• [DATA]
——

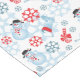 This table runner to accent your table decor is shown in a festive Christmas Holiday snowman and snowflakes print design.
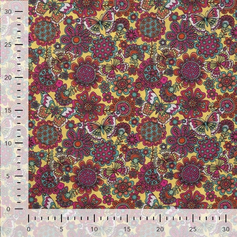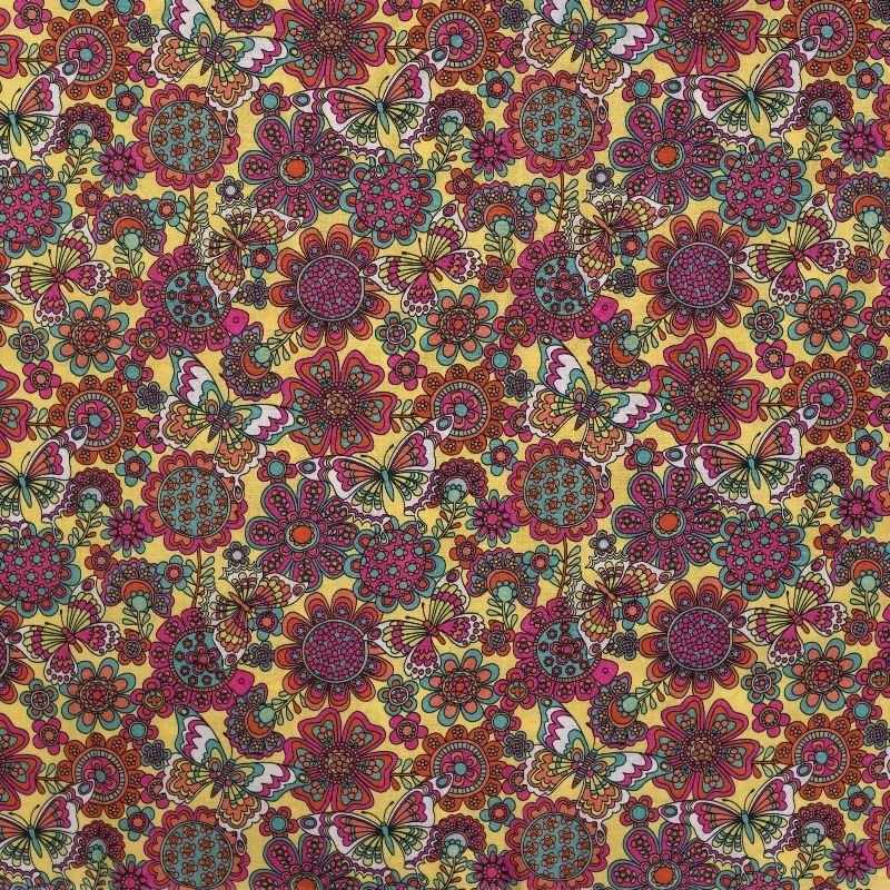 Tissu Voile de Coton Imprimé Papillon Jaune
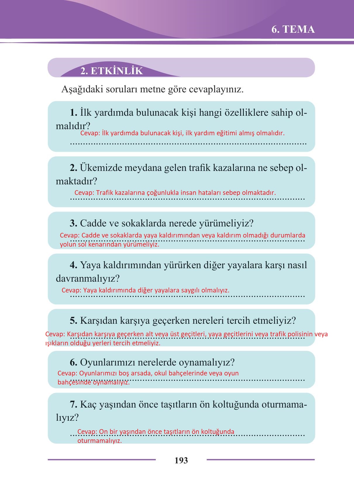 2. Sınıf Türkçe Ders Kitabı Bilim ve Kültür Yayınları Sayfa 193 Cevapları
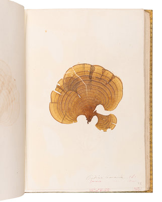 8vo (241 x 177 mm). Album of 119 specimens each mounted to a leaf and identified by its Latin name in ink (with occasional additions in red ink) in the lower right corner. All bound in on stubs in contemporary green morocco gilt, gilt "LB" monogram in each corner (spine sunned, a few scuffs).

——

• [PROBLEM TO WORK ON] Go through the material and set it down again exactly, but without any pictures.

• [OUTPUT FOR THIS EXERCISE]
 This table runner to accent your table decor is shown in a festive Christmas Holiday snowman and snowflakes print design.
 Tissu Voile de Coton Imprimé Papillon Jaune
 2. Sınıf Türkçe Ders Kitabı Bilim ve Kültür Yayınları Sayfa 193 Cevapları
 8vo (241 x 177 mm). Album of 119 specimens each mounted to a leaf and identified by its Latin name in ink (with occasional additions in red ink) in the lower right corner. All bound in on stubs in contemporary green morocco gilt, gilt "LB" monogram in each corner (spine sunned, a few scuffs).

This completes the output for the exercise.